Lectures

OAHS Lecture Programme


Our annual lecture programme comprises 10 lectures. From October to December lectures will be held live at Rewley House, open to everyone and FREE to attend. There is no need to book a seat.

The venue is the Lecture Theatre, Rewley House, 1 Wellington Square, Oxford OX1 2JA and lectures start at 5.30. [https://what3words.com/units.third.ledge]

In January and February lectures will be online on Zoom, and members can book a place by clicking the link in the description in order to receive the link. Booking for these lectures will open in December. The final lecture in March will be live at Rewley House and also available on Zoom.

For lectures held online using Zoom, booking is required. The list closes at midnight on the Sunday before the lecture or sooner if we reach capacity. As Zoom only allows 100 people to log in for each lecture, OAHS members will be given priority. One booking covers everyone who will be listening on one device, so your household companions are welcome to join you. Bookings for the 2024 lectures will open in December.

We will record each of the online lectures, if the speaker agrees, and the recording will be available for members shortly afterwards for about a month.

An Outsider at Oxford: The Experiences of W.G. Hoskins, 1952-1965


Date: 28 November 2023
Time: 17.30-18.30
Lecturer: Robert Peberdy
Location: Rewley House
Cost: Free
No of Places: 110


This lecture is now over. Click to view the recordings page (member login required)

In 1951 W.G. Hoskins, a lecturer at University College, Leicester, aged 43, accepted an invitation to become Reader in Economic History at Oxford University. This talk will explore his experiences in the next fourteen years as he coped with life in an unfamiliar inward-looking institution while he simultaneously became one of the best-known historians in England.

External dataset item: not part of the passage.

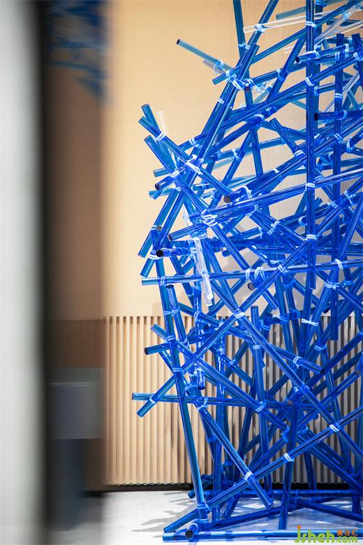 笔挺刚劲的树脂材料进行形式化的重叠,围合组成二分之一圆,销售中心设计在二层空间与“光之印迹”彼此呼应,更为跳跃的蓝色是浮动在空间之海上的泡沫,唤起生机和想象。水、光线、宇宙和往复进入的人共构一条河流,它的无限性将过去、现在和未来联系在一起,而空间便是时间的河床,将一切承载。

Dr Robert Peberdy is currently writing a biography of W.G. Hoskins. He was formerly an Assistant Editor of the Oxfordshire VCH, and co-editor (with Philip Waller) of A Dictionary of British and Irish History (OUP).

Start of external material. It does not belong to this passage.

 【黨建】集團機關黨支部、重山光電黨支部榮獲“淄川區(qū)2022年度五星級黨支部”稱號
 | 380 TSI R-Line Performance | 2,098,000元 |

Oxford's Library Buildings


Date: 12 December 2023
Time: 17.30-18.30
Lecturer: Geoffrey Tyack
Location: Rewley House
Cost: Free
No of Places: 110


No Booking Required

Oxford’s libraries are among the best and most comprehensive in the world. From the 13th century onwards the university, the colleges and eventually the city have needed to accommodate ever-growing collections of books and manuscripts: a problem that, despite the recent spread of digital resources, has still not gone away. This lecture discusses the changing responses to this challenge, drawing attention both to well-known libraries, including the Bodleian, and to smaller and less frequented examples, many of them of great architectural interest.

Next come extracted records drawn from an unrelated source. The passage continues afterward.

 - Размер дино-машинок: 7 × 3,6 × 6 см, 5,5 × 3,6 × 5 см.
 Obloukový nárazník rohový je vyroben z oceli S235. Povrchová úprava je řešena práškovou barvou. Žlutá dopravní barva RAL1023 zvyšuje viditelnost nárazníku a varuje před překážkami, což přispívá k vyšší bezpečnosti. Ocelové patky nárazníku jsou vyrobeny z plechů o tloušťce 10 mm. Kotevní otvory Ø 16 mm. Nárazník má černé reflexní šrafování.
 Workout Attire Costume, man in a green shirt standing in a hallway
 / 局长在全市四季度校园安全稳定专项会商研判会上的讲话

Dr Geoffrey Tyack is the current President of OAHS. He is an architectural historian, and has written extensively on the architecture of Oxford and Oxfordshire. Together with Dan Paton he is writing an illustrated book on the architecture of Oxford’s university, college and city libraries, to be published next year.

Our lectures for 2024:
  • 9 January - Kirsty Wright: Oxford Buildings and the Reconstruction of Royalist Government 1642-1646
  • 23 January - Ben Ford: Recent Discoveries at Frewin Hall Oxford: A Lost College and so much more
  • 6 February - John Stevenson: An Oxford Architectural Dilemma - The Tinbergen Building
  • 20 February - Jane Harrison: The Deserted Manor and Village of Besselsleigh: from Anglo-Saxon Beginnings to the Civil War
  • 5 March - Elizabeth Gemmill: The Tom Hassall Lecture 2024: Remember Me: Inscriptions of Medieval Oxfordshire (Rewley House and online on Zoom)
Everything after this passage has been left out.